#### Activity
Up to and including the line that contains "Проверим: 0,1353 +", write out every line of the entries exactly, beginning with the first. Omit the pictures.

#### Input data
= Beginning of Section =
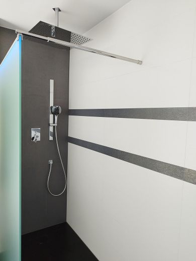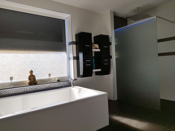 (bodenebene Dusche, Badewanne, Waschbecken & WC)
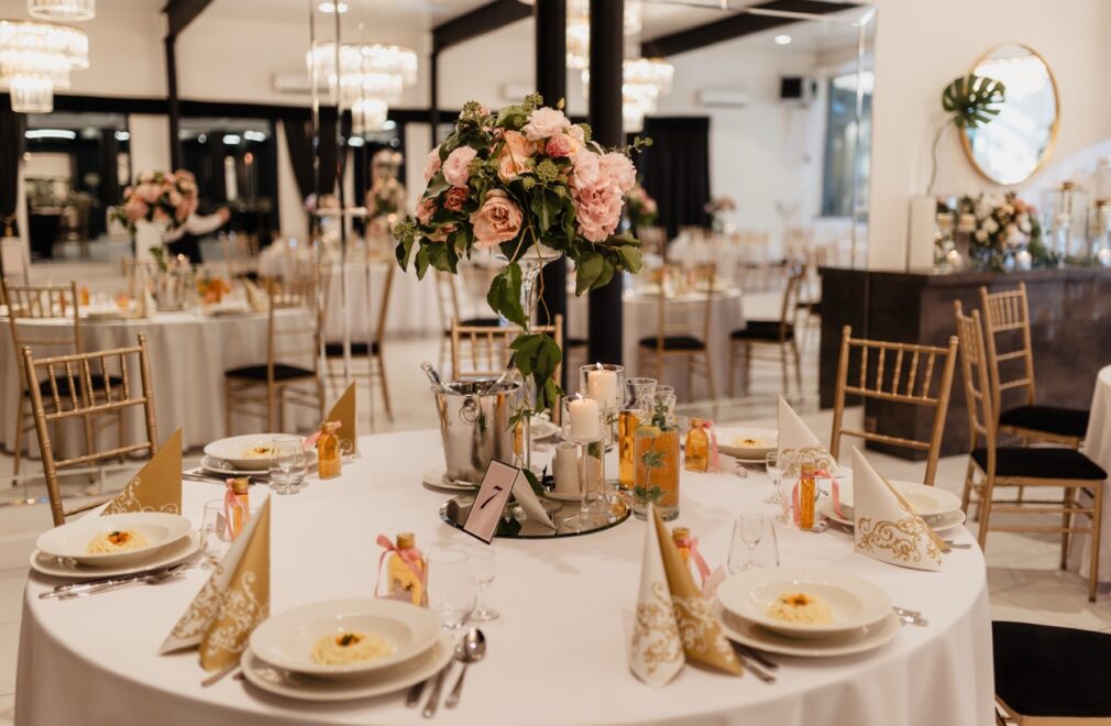 Indywidualną, dodatkową dekorację stołów oraz sali, według własnych upodobań, przygotowaną przez profesjonalnych dekoratorów,
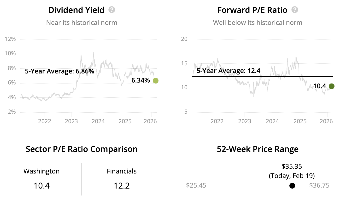 With a dividend yield north of 6% that has some support behind it, a conservative lending approach, and steady fee revenue from wealth management operations, Washington Trust offers potential for income-focused investors who can stomach short-term volatility and believe in a longer-term margin recovery.
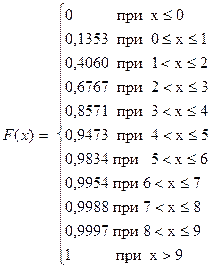 Проверим: 0,1353 + 0,2707 + 0,2707 + 0,1804 + 0,0902 + 0,0361 + 0,0120 +
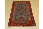U biedt op een oud Perzisch tapijt -Rudbar- in algehele goede staat. In het noordwesten van Iran ligt het kleine stadje Rudbar. Met groot vakmanschap worden hier Perzische tapijten van goede kwaliteit gemaakt, die indruk maken met hun artistieke patronen. Deze Perzische tapijten zijn precies goed voor liefhebbers van gedetailleerd werk. Dit ongeveer 8 mm dikke tapijt wordt ook gekenmerkt door een artistiek patroon. Dit maakt dit vloerkleed tot een zeer mooie eyecatcher en een begeerd collectors item. De afmetingen zonder franjes zijn: 125 x 83 cm.
= End of Section =
#### Answer section
 (bodenebene Dusche, Badewanne, Waschbecken & WC)
 Indywidualną, dodatkową dekorację stołów oraz sali, według własnych upodobań, przygotowaną przez profesjonalnych dekoratorów,
 With a dividend yield north of 6% that has some support behind it, a conservative lending approach, and steady fee revenue from wealth management operations, Washington Trust offers potential for income-focused investors who can stomach short-term volatility and believe in a longer-term margin recovery.
 Проверим: 0,1353 + 0,2707 + 0,2707 + 0,1804 + 0,0902 + 0,0361 + 0,0120 +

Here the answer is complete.